Task item. Omit all pictures and give the records below again exactly as written.

Data listing.
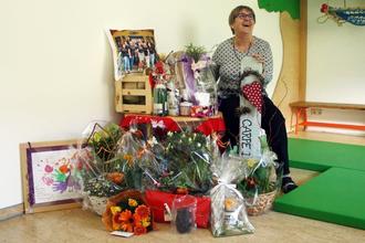 Im nächsten Programmteil werden ihr von den Kindern der verschiedenen Gruppen Präsente „für das Rentnerdasein“ überreicht. Der Gabentisch ist sehr gut gefüllt.
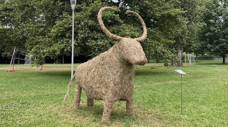 Il “Toro di Buja” realizzato con il fieno nel parco urbano di via S.Stefano
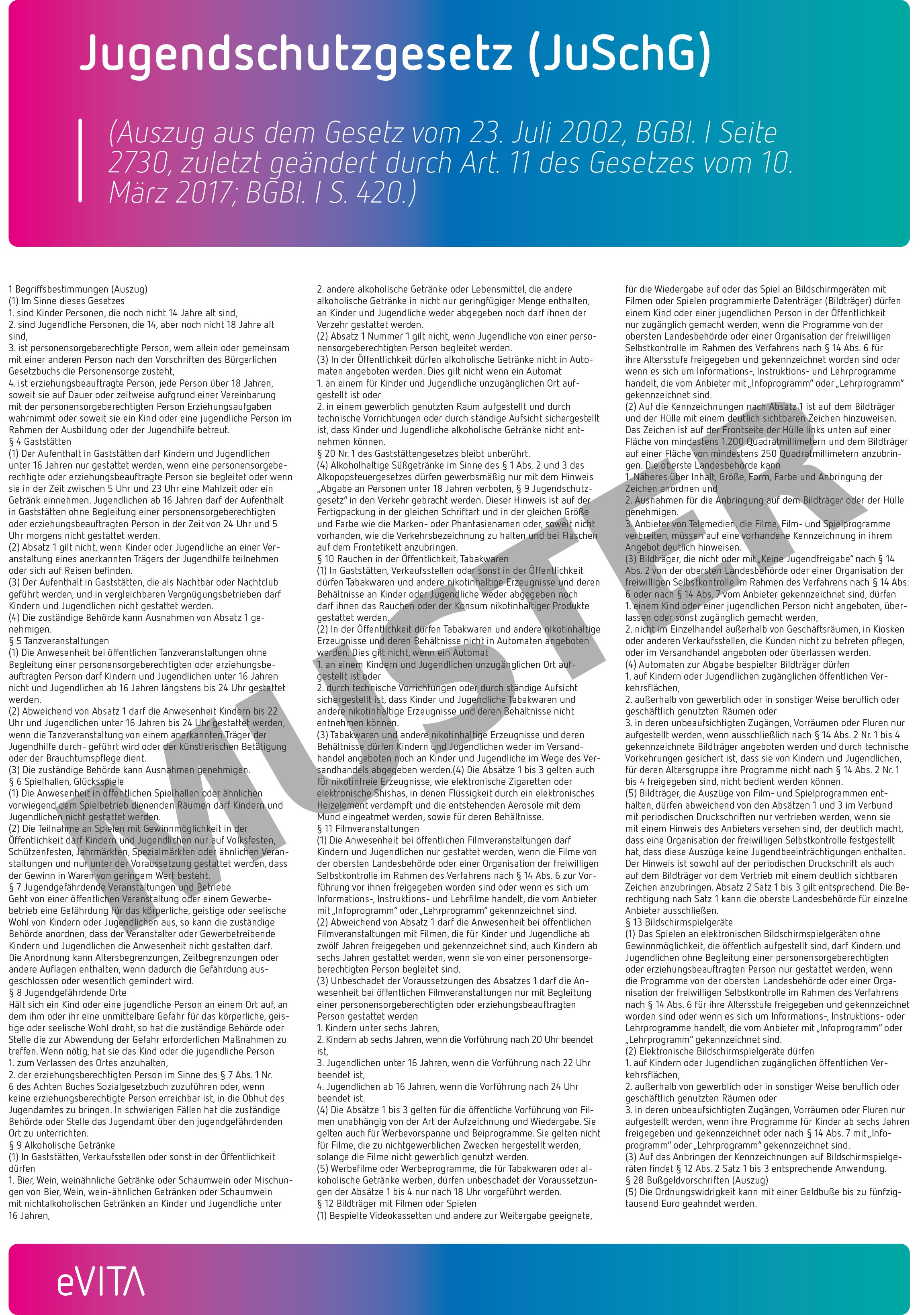 Plakate (Hausordnung, JuSchG, Spielrelevante Informationen, Beratungsstellen) im eVITA-Design. Vier Ablagefächer universal für DIN lang, DIN A5, DIN A4 inklusive vier Klemmrahmen DIN A3 Höhe Board: 1611,5 mm # 55041171 Breite Board: 800 mm Tiefe Board: 50 mm
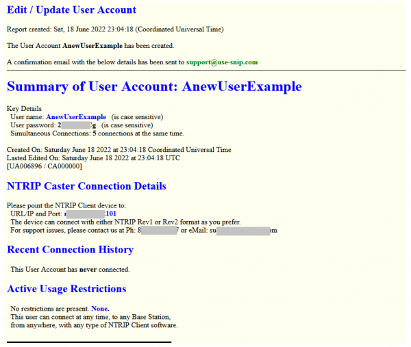 This article describes the step-by-step process to remotely add a new User Account (NTRIP Client) to the Caster.  When the Web API Plug-In is present, SNIP allows adding new User Accounts remotely with a browser.  For the Caster Admin account this process is never limited (you can create as many NTRIP Client accounts as you wish).  For Customer Accounts, the number of Users which can be added by that Customer is limited by the value set by the Caster Administrator for the Customer.   An active Web API Plug-in is required for this feature.  First Login from an authorized account with read-write privileges, not with read-only privileges.
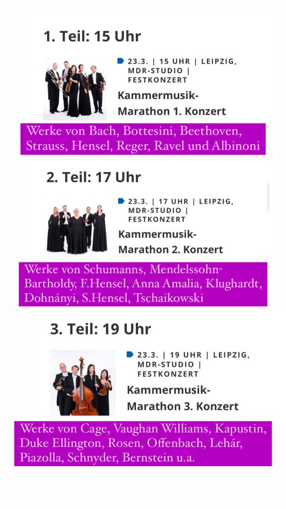 Nun folgen eine Reihe von großen Konzerten im Leipziger Gewandhaus, Chormusik zur Buchmesse und ein Filmmusik-Konzert im CCS in Suhl. Ein weiteres Highlight zum Abschluss der Festwochen: der Kammermusik-Marathon am 23. März im MDR-Studio am Leipziger Augustusplatz!
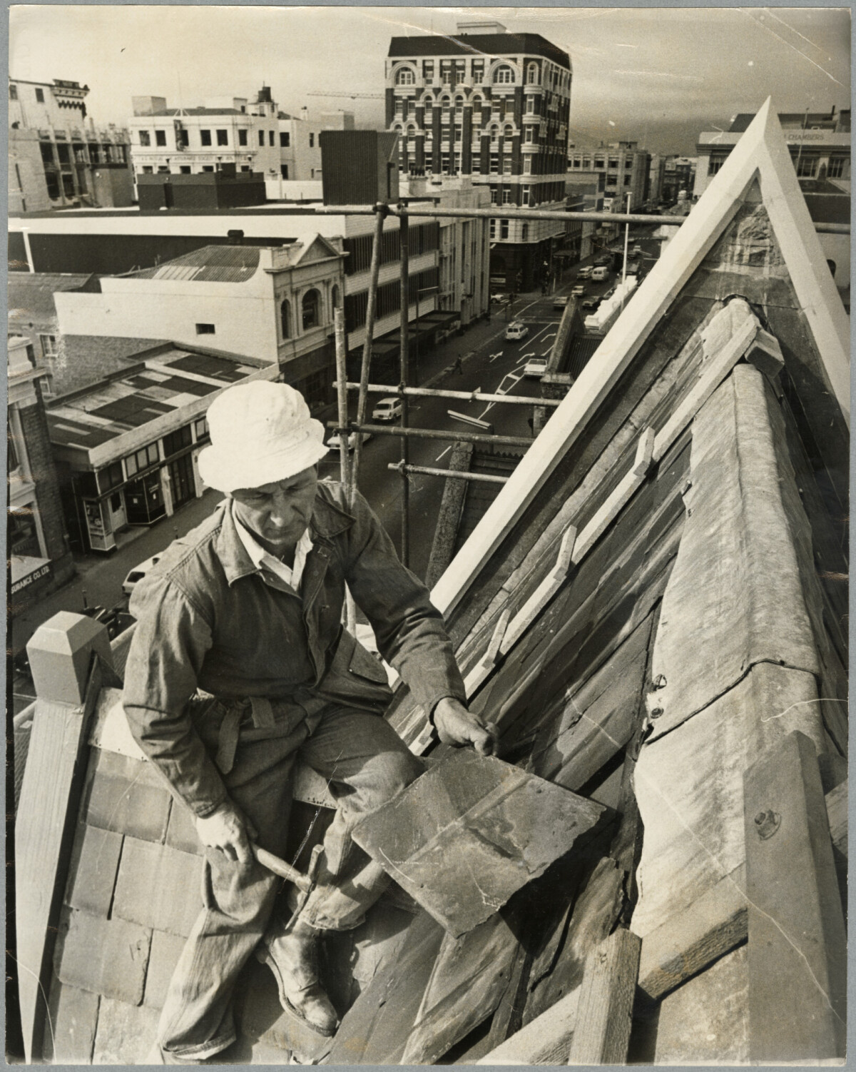 Peter Ballard on the roof of the former Trinity Church, now owned by State Insurance, overlooking Manchester Street.
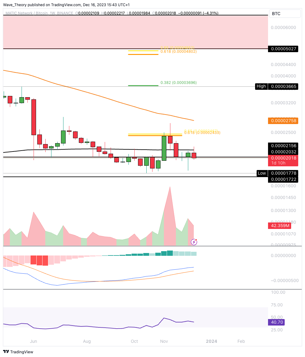 Gegen BTC befindet sich Polygon nach wie vor der Unterstützung zwischen rund 0,00001722 BTC und 0,00002032 BTC. Der 200-Wochen-EMA bei rund 0,00002157 BTC fungiert dabei als der nächste signifikante Widerstand.

Response box.
 Im nächsten Programmteil werden ihr von den Kindern der verschiedenen Gruppen Präsente „für das Rentnerdasein“ überreicht. Der Gabentisch ist sehr gut gefüllt.
 Il “Toro di Buja” realizzato con il fieno nel parco urbano di via S.Stefano
 Plakate (Hausordnung, JuSchG, Spielrelevante Informationen, Beratungsstellen) im eVITA-Design. Vier Ablagefächer universal für DIN lang, DIN A5, DIN A4 inklusive vier Klemmrahmen DIN A3 Höhe Board: 1611,5 mm # 55041171 Breite Board: 800 mm Tiefe Board: 50 mm
 This article describes the step-by-step process to remotely add a new User Account (NTRIP Client) to the Caster.  When the Web API Plug-In is present, SNIP allows adding new User Accounts remotely with a browser.  For the Caster Admin account this process is never limited (you can create as many NTRIP Client accounts as you wish).  For Customer Accounts, the number of Users which can be added by that Customer is limited by the value set by the Caster Administrator for the Customer.   An active Web API Plug-in is required for this feature.  First Login from an authorized account with read-write privileges, not with read-only privileges.
 Nun folgen eine Reihe von großen Konzerten im Leipziger Gewandhaus, Chormusik zur Buchmesse und ein Filmmusik-Konzert im CCS in Suhl. Ein weiteres Highlight zum Abschluss der Festwochen: der Kammermusik-Marathon am 23. März im MDR-Studio am Leipziger Augustusplatz!
 Peter Ballard on the roof of the former Trinity Church, now owned by State Insurance, overlooking Manchester Street.
 Gegen BTC befindet sich Polygon nach wie vor der Unterstützung zwischen rund 0,00001722 BTC und 0,00002032 BTC. Der 200-Wochen-EMA bei rund 0,00002157 BTC fungiert dabei als der nächste signifikante Widerstand.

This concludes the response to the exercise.